Here, ahead of publication, are a few writing tips for those considering the genre.

Do your research

You don’t have to be a trained historian to write a good historical novel, but you do need to know your period well enough to make your readers confident of its veracity.

Work out your ground rules

There are historical novelists who take enormous liberties with what is known, and historical novelists who only invent in the gaps. Anything is permissible under the umbrella of fiction, but remember than creativity is not the same as mangling facts. You might imagine a seventh wife for Henry VIII and win readers, but those same readers will find it hard to trust you if you inadvertently describe him switching on a light.

Never preach

You will undoubtedly discover many fascinating facts about your topic, but only weave these in if your narrative requires them. There is nothing more off-putting than a historical novel which really wants to be a history lesson.

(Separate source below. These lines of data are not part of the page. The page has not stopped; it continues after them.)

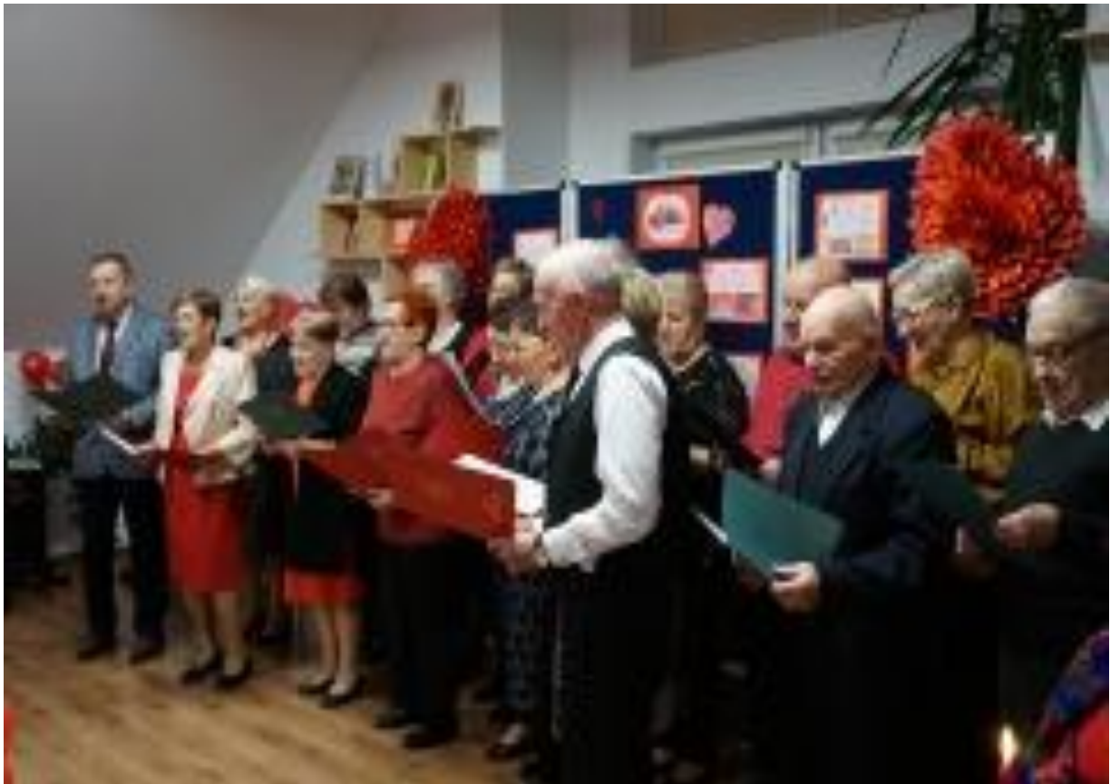
Luty 2024r. Walentynki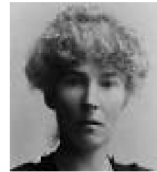
Figura 5. Gertrude Bell.

Nació el 14 de julio de 1868 en el condado inglés de Durham. Cuando tenía dieciséis años, su padre, la envió a estudiar al prestigioso colegio femenino londinense Queen's College. Allí Gertrude demostró ser una estudiante modelo y destacó hasta tal punto que su profesor de historia le propuso continuar sus estudios en Oxford, un lugar muy poco común para una mujer y donde su estancia académica no estuvo exenta de comentarios machistas por parte de profesores y estudiantes.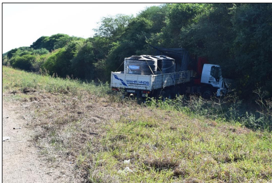
Figura 2. Fotografía con vista suroeste-noreste donde se observa sobre la zona de préstamo la ubicación y posición final del camión Iveco y su semirremolque.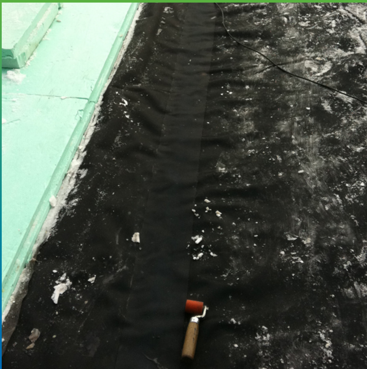
Сваривание карт из ЭПДМ мембраны Эластосил Т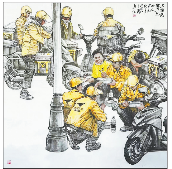
国画《快乐工作餐》郭江绘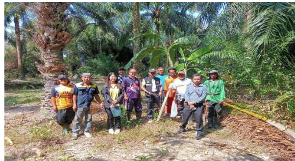
ตรวจสอบรังวัดจัดทำแผนที่ป่าชุมชน บ้านบางผึ่งน้ำพุร้อน หมู่ที่ 5 ตำบลโคกยาง อำเภอเหนือคลอง จังหวัดกระบี่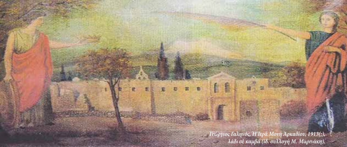
Γεώργιος Γαληνός, Ἡ Ἱερά Μονή Ἀρκαδίου, 1913(·), λάδι σέ καμβά (ιδ. συλλογή Μ. Μαρινάκη).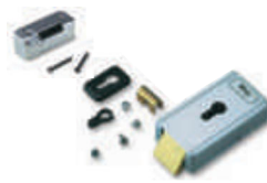
PLA 11 zamek elektromagnetyczny poziomy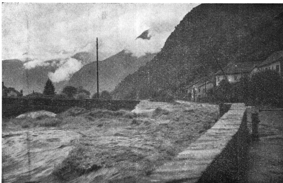
Roveredo. Durante la piena 8 VIII 1951. Il Ponte di Valle ha ceduto.

Nel tardo pomeriggio parve che il cielo volesse schiarirsi e vi fu anche un momento di sosta nella pioggia, la quale durava ormai ininterrotta e violentissima dalla mezzanotte. Ma sull'imbrunire, ripresa della pioggia torrenziale, con grande ansia delle popolazioni che si sentivano ormai esposte alle furie delle acque che ovunque avevano supe-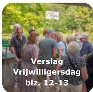
Verslag Vrijwilligersdag blz. 12-13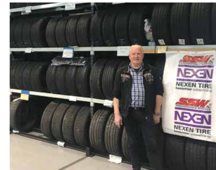
Gerbers Pneuhotel 2023.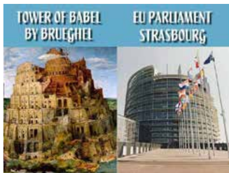
Ulinganifu: Mnara wa Babeli Bunge la Umoja wa Ulaya Babeli Strasburg

“Ama tunapenda au la, ama tuko tayari au la, sisi sote tunahusika katika ushindani wa kilimwengu wa dhati, usio na mipaka na wa namna tatu.... Sisi ni wadau.... ushindani huu unahusu

Be specific about your location

While your characters may be fantasies, when and where you locate them should be as realistic as possible. Always choose a specific time and place – Kensington Gardens in 1792 rather than late eighteenth-century London.

Use multiple sources

Sometimes the most valuable research is a picture, or an object in a museum, or visiting the actual location. These can provide important physical details to help bring the world you are creating alive for your readers. The internet is an excellent resource here offering images and virtual tours.

Let go of a contemporary vantage point

Not only must you familiarize yourself with the world you are writing about so it becomes second-nature to imagine your character writing with a quill pen, you must also let go of a twenty-first century mindset. It might be hard now to enter the mind of a slave owner, but if that is your topic you must do so or your portrayal will lack conviction.

Forget the consequences

Your characters do not have a historian’s hindsight so try to take yourself back to the point before the outcome was known. If all those young men had realized in 1914 what awaited them in the trenches, they might have been less eager to sign up.


While you may decide against trying to emulate the language of the past, avoid current trends. ‘Cool’ should only be used to denote temperature!!

Think about fiction

A good historical novel should have all the elements of good fiction, so consider the overall shape and story, the characters and writing as well as historical accuracy.

Different ways to tell your story

Remember stories can be told in flashback as well as chronologically, or from the viewpoint of one or more characters as well as an omniscient narrator.

Find help

Asking someone who knows about your period to go through your finished novel is invaluable. No matter how careful you have been, the chances are you will have got some details wrong.

Prolific reading

As with all good writing, the more you read in your chosen genre the better your work will be.